Given data:
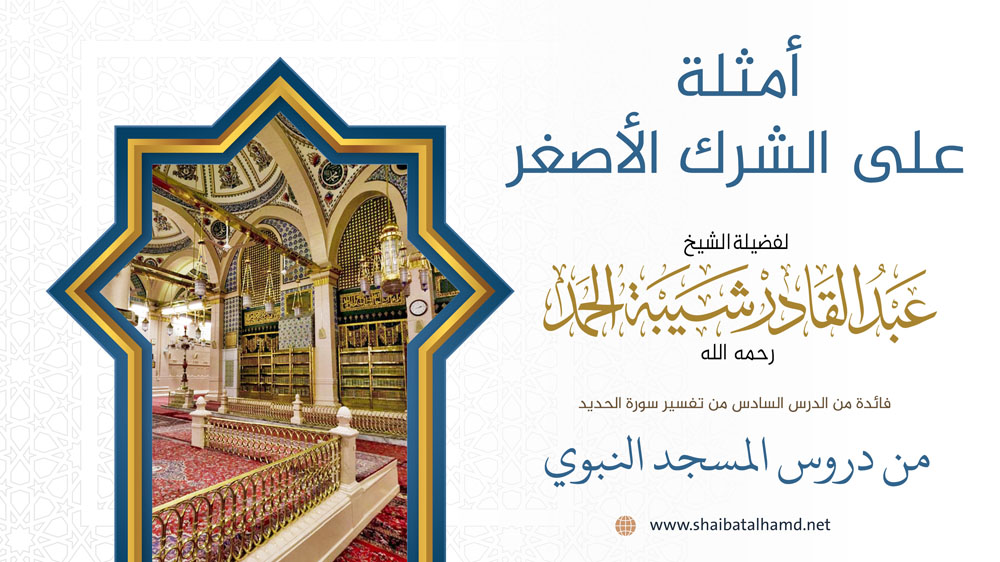 فائدة من الدرس السادس من دروس تفسير سورة الحديد والتي ألقيت في المسجد النبوي الشريف حول أمثلة على الشرك الأصغر.
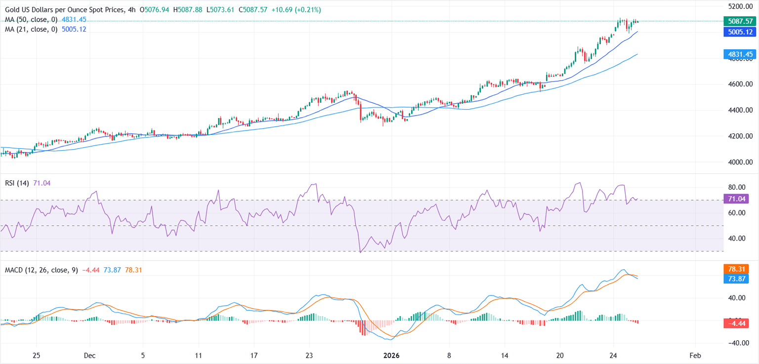 Si bien los mercados de acciones de EE.UU. han permanecido resilientes hasta ahora, las crecientes preocupaciones sobre valoraciones estiradas mantienen frágil el sentimiento de los inversores. Al mismo tiempo, los temores de otro cierre del gobierno de EE.UU. están aumentando, con los legisladores enfrentando un plazo de financiación el 30 de enero. En este contexto, el oro sigue atrayendo flujos defensivos.
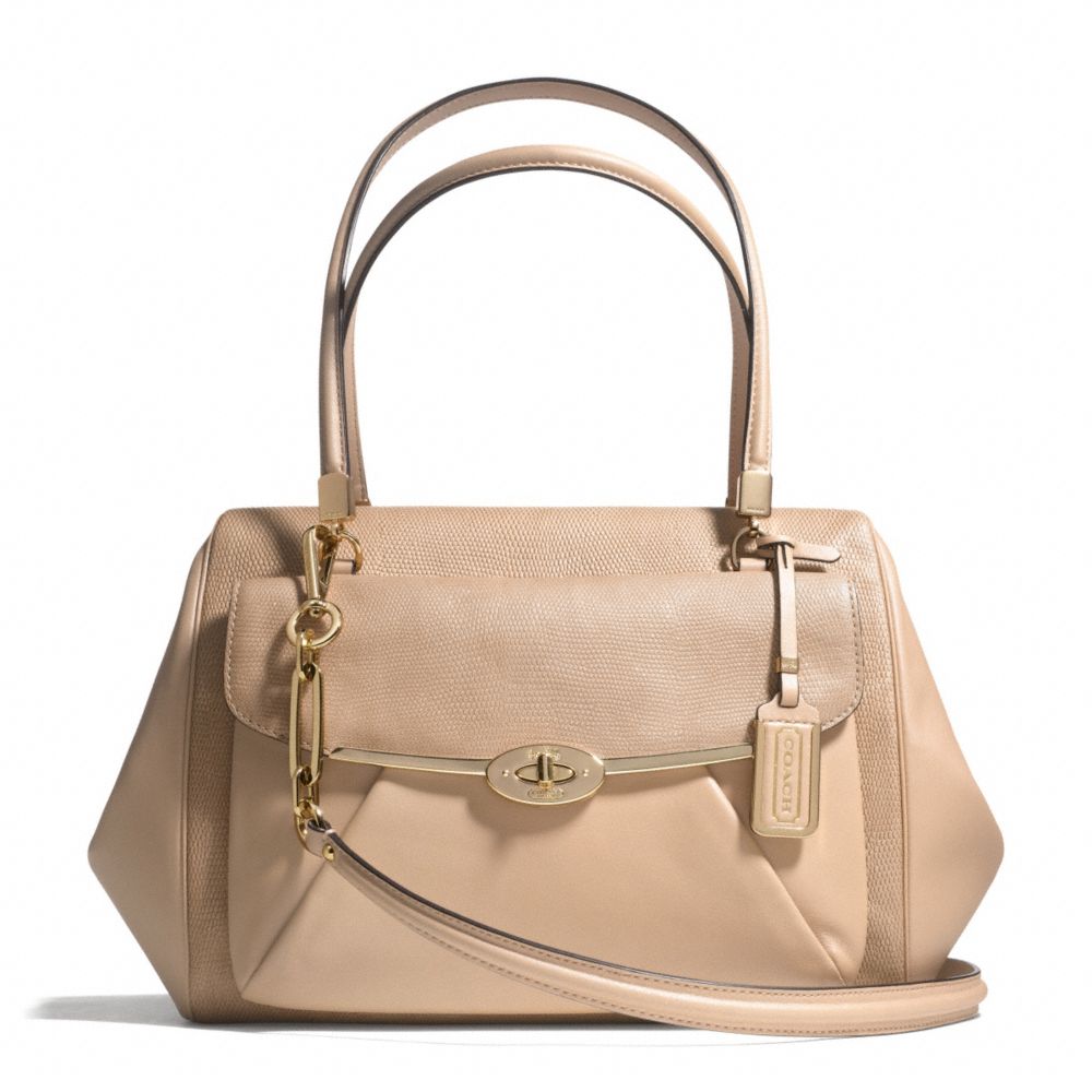 COACH F26325 - MADISON GLITTER LIZARD MADELINE EAST/WEST SATCHEL - LIGHT GOLD/BUFF (click the link before for more detail)
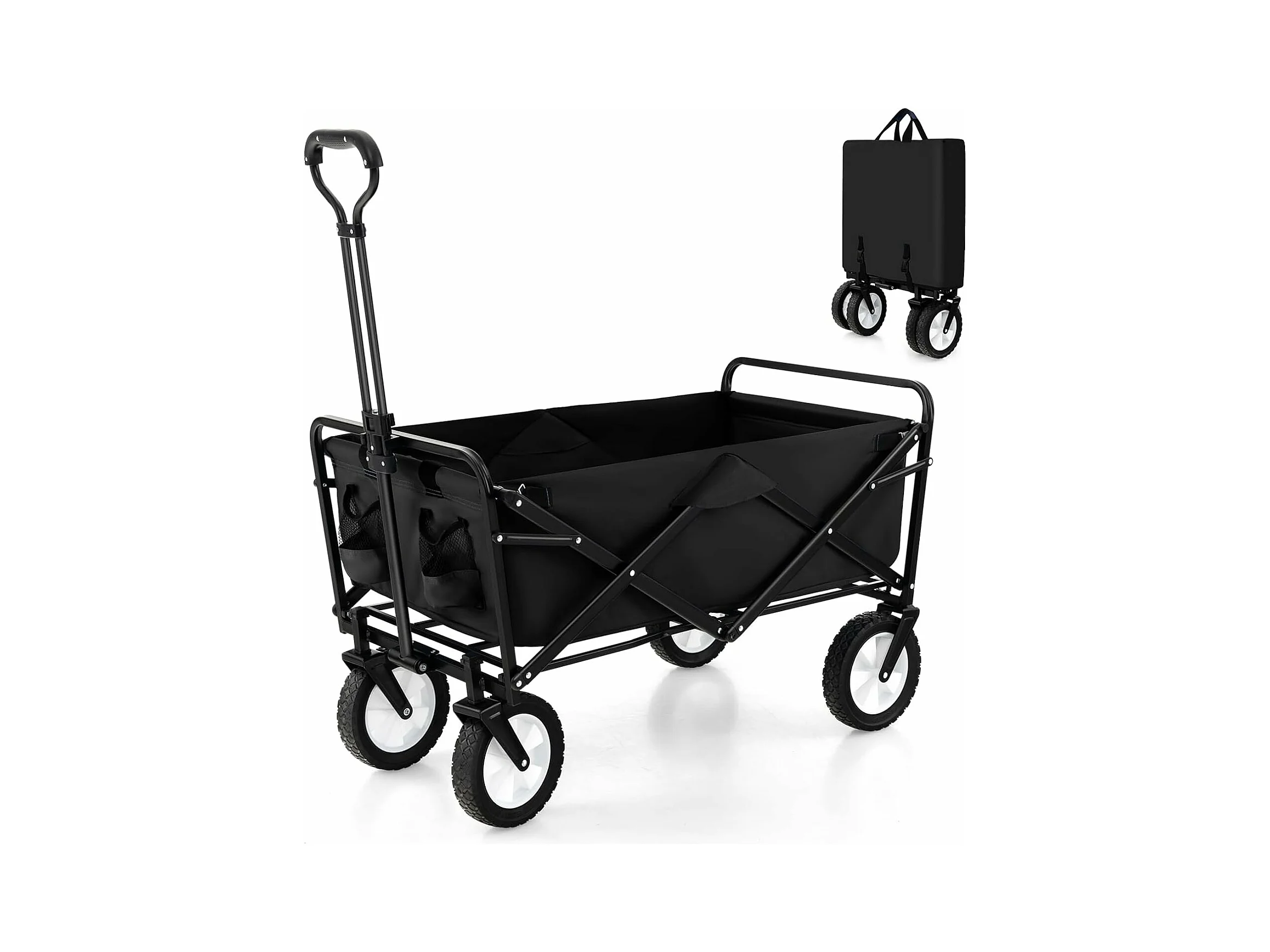 Chariot pliable pour plage avec roues en plastique et capacité de charge maximale de 120 kg en noir

Task: Each line of the data is to be duplicated exactly; pictures stay out of the copy.

Reply:
 فائدة من الدرس السادس من دروس تفسير سورة الحديد والتي ألقيت في المسجد النبوي الشريف حول أمثلة على الشرك الأصغر.
 Si bien los mercados de acciones de EE.UU. han permanecido resilientes hasta ahora, las crecientes preocupaciones sobre valoraciones estiradas mantienen frágil el sentimiento de los inversores. Al mismo tiempo, los temores de otro cierre del gobierno de EE.UU. están aumentando, con los legisladores enfrentando un plazo de financiación el 30 de enero. En este contexto, el oro sigue atrayendo flujos defensivos.
 COACH F26325 - MADISON GLITTER LIZARD MADELINE EAST/WEST SATCHEL - LIGHT GOLD/BUFF (click the link before for more detail)
 Chariot pliable pour plage avec roues en plastique et capacité de charge maximale de 120 kg en noir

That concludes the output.